Introduction

The potential impact of feasible approaches to reduce the increasing global burden [1] of diabetes could be vast. While primary prevention of type 2 diabetes through lifestyle modification represents a promising strategy among high-risk individuals [2], it is acknowledged that many key lifestyle changes are difficult to implement or sustain. It has been suggested that increasing the concentration of circulating serum 25-hydroxyvitamin D (25[OH]D), an indicator of vitamin D status, could provide a practical complementary approach.

Epidemiological studies suggest an overall tendency towards an inverse association between vitamin D status and risk of type 2 diabetes [35]. However, some studies assessed only dietary vitamin D intake [6, 7], which does not include the major non-dietary component of vitamin D from sun exposure. Other studies measured circulating 25(OH)D, the best indicator of vitamin D status [8], but had small sample sizes or a limited number of cases [911]. A recent study reported no association between 25(OH)D and risk of diabetes among older women [12]. A systematic review by Pittas et al [13] identified three studies of the association between vitamin D status and diabetes risk. Two assessed dietary vitamin D intake and one included 25(OH)D; meta-analysis was not possible. Further work by the same group included a meta-analysis of data from four studies, which showed an inverse association, but 25(OH)D status reflected measured level as well as the use of a predicted 25(OH)D score [14]. Vitamin D trial evidence has shown no significant effect of supplementation on outcomes of glycaemia or incident diabetes, but individual trials have had limitations, including their post-hoc nature, small sample size, inadequate dose of supplement, or use of combination supplementation with calcium such that individual effects could not be teased out easily [1316]. While further evidence from trials would help to address the issue of a causal association, currently the epidemiological evidence for a possible association between circulating 25(OH)D and type 2 diabetes remains inconclusive, and the question is important to resolve.

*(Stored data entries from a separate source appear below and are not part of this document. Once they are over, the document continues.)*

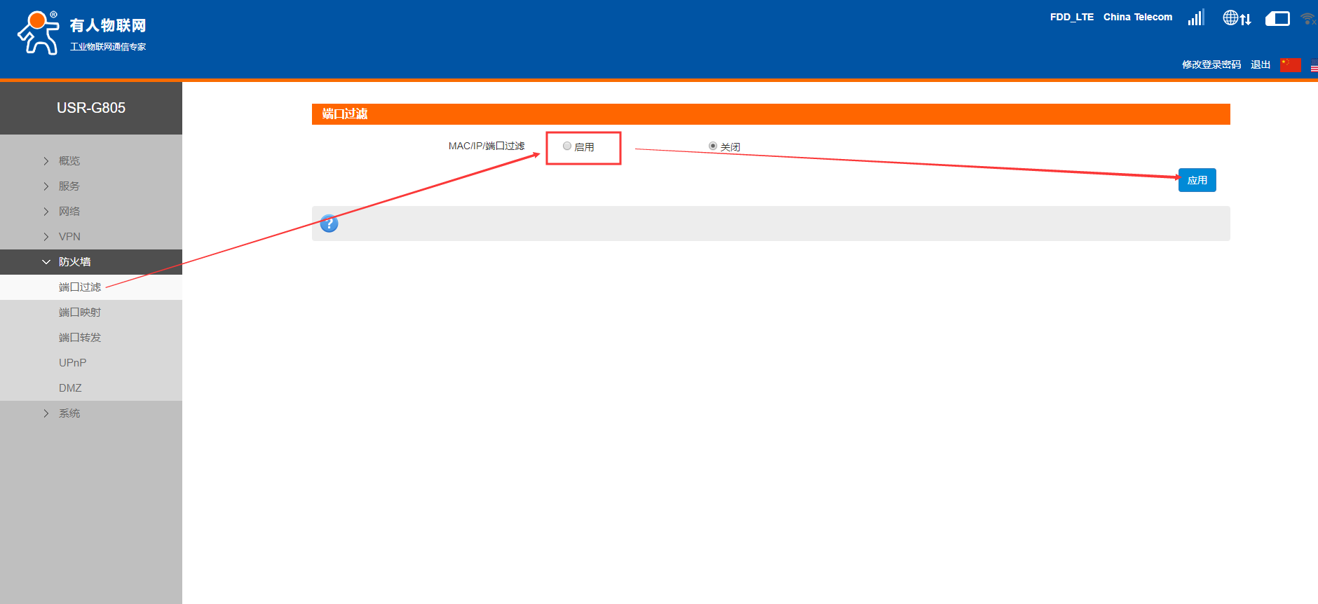 4. 在內(nèi)置網(wǎng)頁--防火墻中端口過濾界面進(jìn)行設(shè)置,啟用此功能之后點擊應(yīng)用。
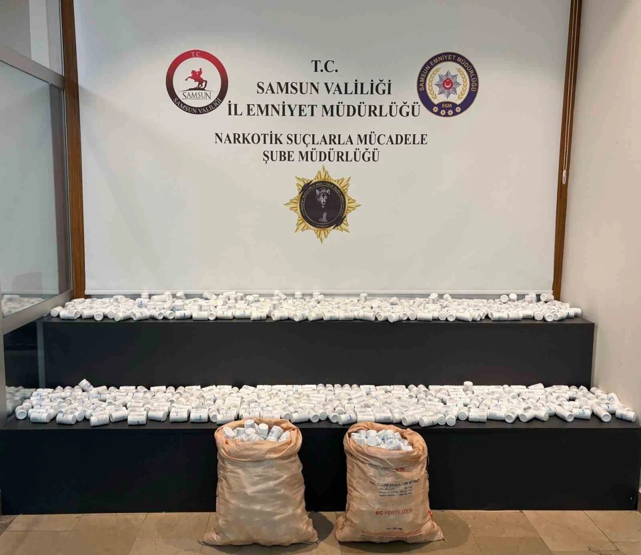 Edinilen bilgiye göre, Samsun İl Emniyet Müdürlüğü Narkotik Suçlarla Mücadele Şube Müdürlüğü ekiplerince 19 Mayıs ilçesinde düzenlenen operasyonda, uyuşturucu ticareti yaptığı tespit edilen E.A. (40) isimli şahsın ikametinde arama yapıldı. Bahçede bulunan ahırda da gerçekleştirilen aramada, arı kovanlarının arkasına saklanmış vaziyette bulunan çuvallar içerisinde yapılan incelemede 53 bin 872 adet sentetik ecza ele geçirildi. Olayla ilgili E.A. gözaltına alındı. Soruşturma devam ediyor.
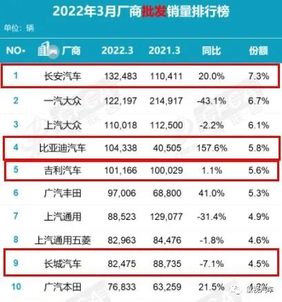 乘联会数据显示,3月份自主品牌的批发销量,长安为13.2万辆排名第一,比亚迪10.4万辆排名第二,吉利10.1万辆排名第三,长城8.2万辆排名第四。

Therefore, our aim was to conduct a systematic review and updated meta-analysis of the longitudinal association between circulating 25(OH)D and incident type 2 diabetes, including the contribution of previously unpublished data.

Methods

European Prospective Investigation into Cancer-Norfolk study

Described in detail previously [17], the European Prospective Investigation into Cancer (EPIC)-Norfolk study included 25,639 men and women from Norfolk general practices, aged 40–75 years at the baseline study visit (1993–1997). We designed a nested case–cohort (n = 1,852), including 892 incident type 2 diabetes cases occurring before 31 July 2006 and 989 subcohort participants (including 29 incident diabetes cases), selected at random from the entire cohort and representative of the whole cohort. Prevalent cases of diabetes (n = 32) were excluded from analysis. Clinically incident type 2 diabetes cases were ascertained using multiple sources and verified by record linkage with general practice, hospital and death registries. Complete data were available for n = 1,447 for current analysis, with n = 621 type 2 diabetes cases and n = 849 subcohort participants (including 23 incident diabetes cases and 826 non-case participants in the subcohort, as per the design of the case–cohort study). Ultra-performance liquid chromatography–tandem mass spectrometry was used to measure 25(OH) vitamin D2 and 25(OH) vitamin D3, which were summed to provide a measure of total 25(OH) vitamin D. This assay was standardised against the National Institute of Standards and Technology (NIST). Written informed consent was obtained from all participants, and the study was approved by the Norwich District Ethics Committee. In addition to including the EPIC-Norfolk study in the meta-analysis, we used this cohort to investigate the effect of adjusting for potential confounding factors that did not occur consistently across other studies.

Ely study

The Medical Research Council (MRC) Ely study [18] is a population-based prospective study of European-origin adults in which 1,122 participants were randomly selected from a sampling frame of all adults aged 40–69 years and without diabetes, registered at a single general practice in Ely. Baseline measurements were performed between 1990 and 1992, with follow-up visits at phase 2 (1994–1996) and phase 3 (2000–2003) among individuals who were non-diabetic at previous visits. By a median of 10 years of follow-up, 61 cases of incident diabetes were diagnosed based on WHO criteria [18]. A subset of 740 non-diabetic cohort participants and 37 incident type 2 diabetes cases for whom data on baseline serum 25(OH)D concentration, measured by radioimmunoassay, was available were included in the current analysis. All participants gave written informed consent and the study was approved by the local research ethics committee. A prior analysis examined the association of serum 25(OH)D with continuous metabolic traits [19], but did not examine diabetes incidence.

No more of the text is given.